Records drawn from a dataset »
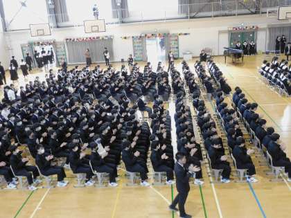 写真は、3月1日(金)の3限に行われた卒業式予行練習の様子です。
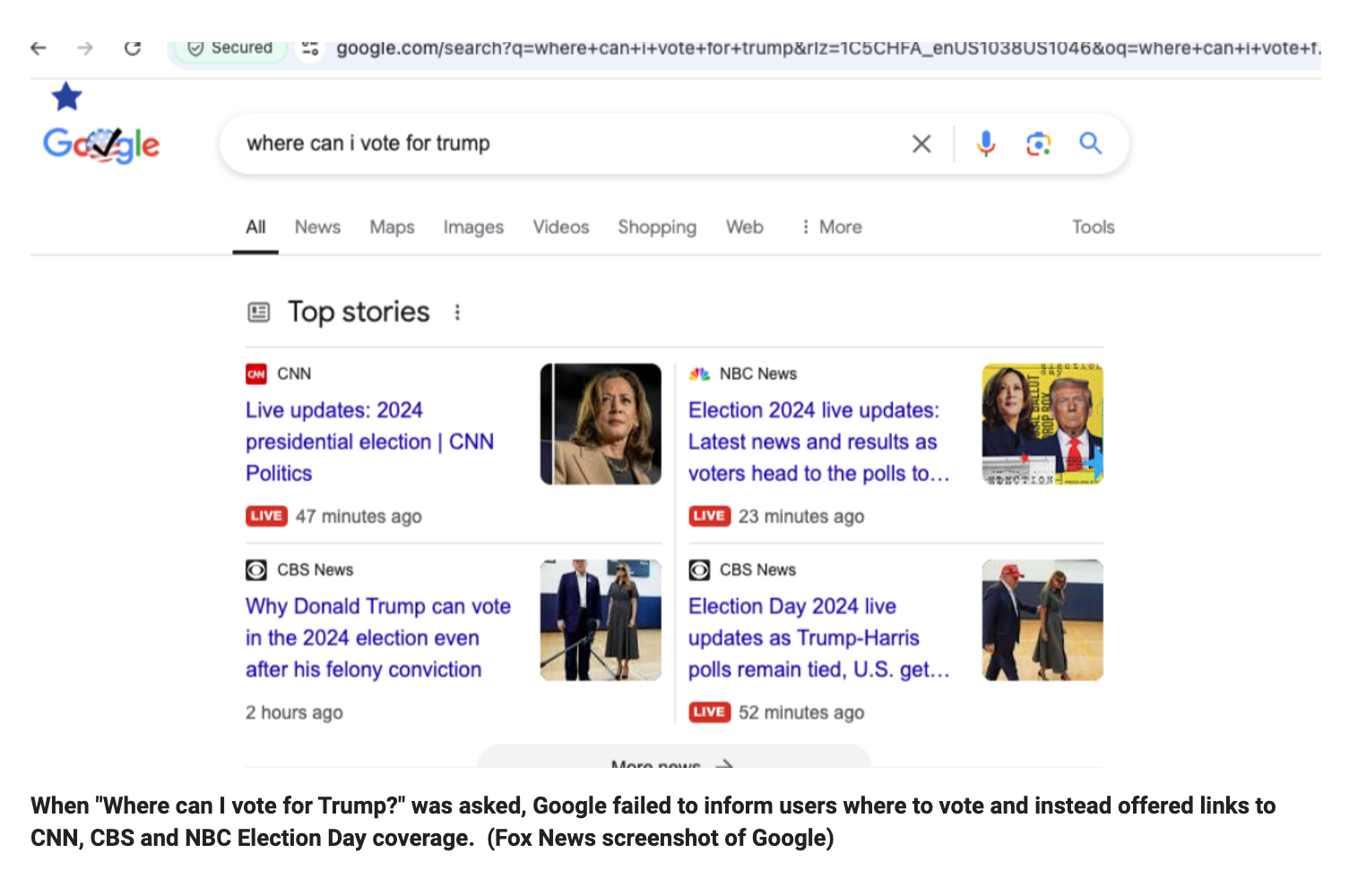 Tuy nhiên, khi nhập "Tôi có thể bỏ phiếu cho ông Trump ở đâu?", Google không thông báo cho người dùng về nơi bỏ phiếu và thay vào đó cung cấp liên kết đến phạm vi đưa tin về Ngày bầu cử của CNN, CBS và NBC.
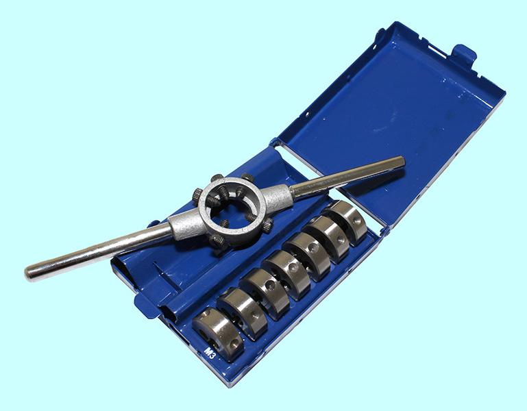 Набор из 7 штук плашек М3-М12 9ХС + плашкодержатель в метал. футляре (8 позиций) SM008-1 "CNIC"
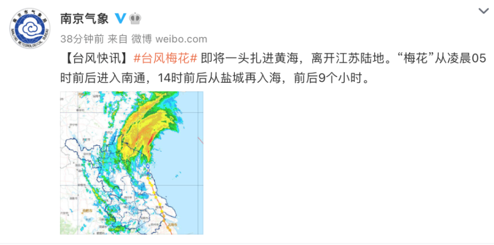 2022南京9月15日14时02分解除台风蓝色预警信号
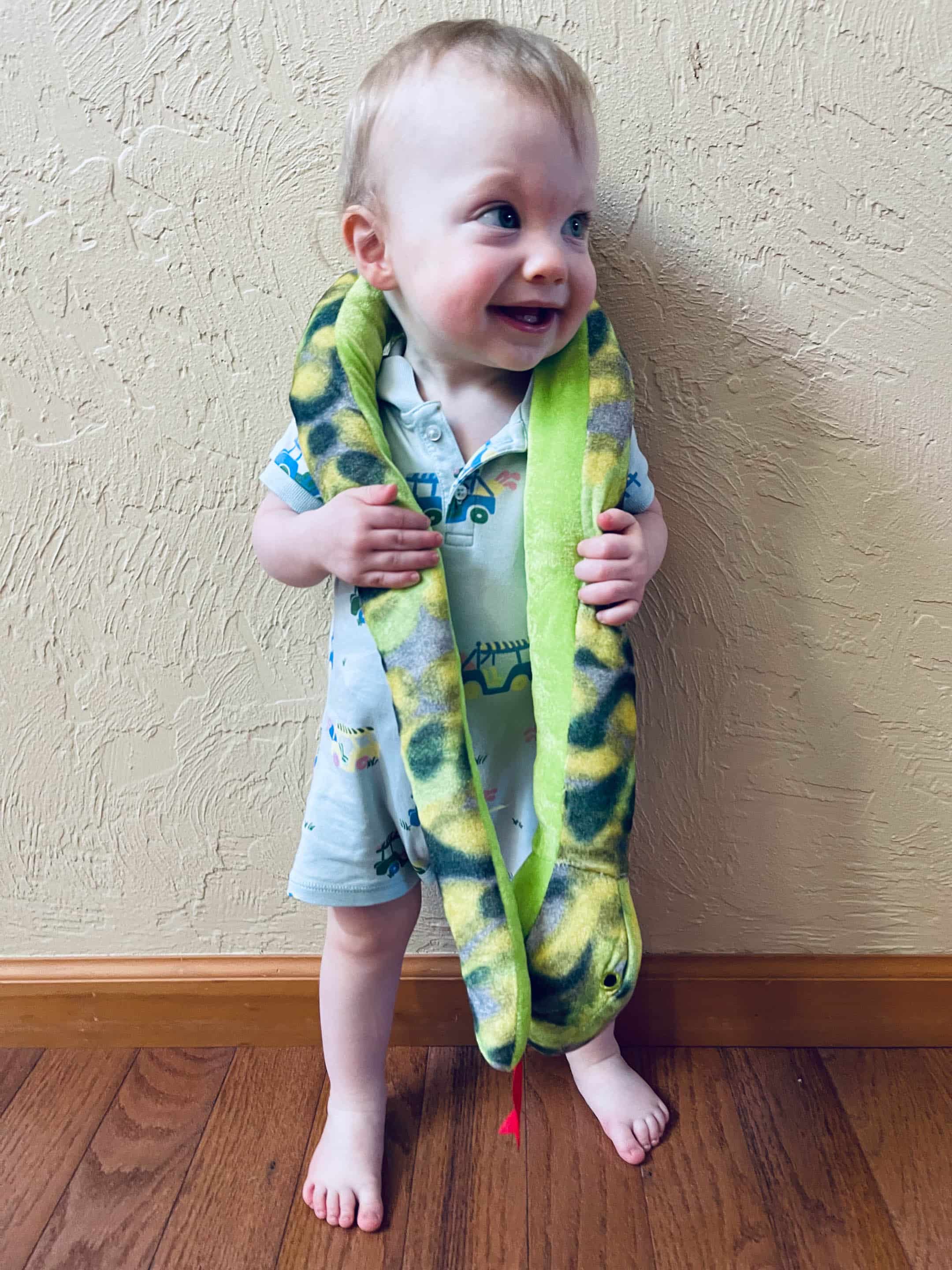 Britney vibes? All weekend he has been taking this stuffed snack and wrapping it around his shoulders. It’s hilarious.
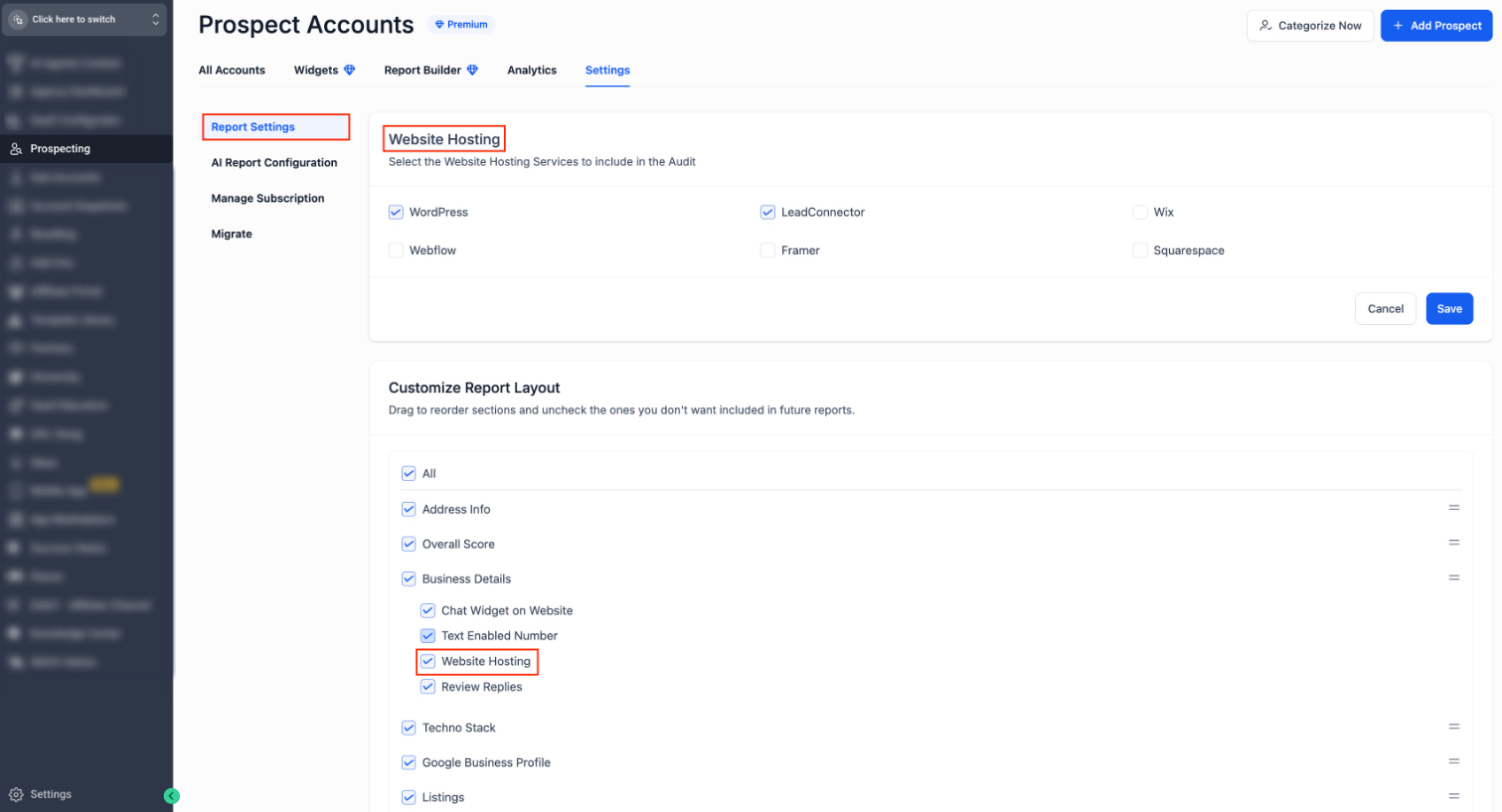 - Account Level Prospecting: Configure under Prospecting → Report Settings → Website Hosting.

Work instruction » Leaving out the pictures, return exactly the lines from the one that contains "Britney vibes? All" through the last line of the records above, inclusive.

Response below »
 Britney vibes? All weekend he has been taking this stuffed snack and wrapping it around his shoulders. It’s hilarious.
 - Account Level Prospecting: Configure under Prospecting → Report Settings → Website Hosting.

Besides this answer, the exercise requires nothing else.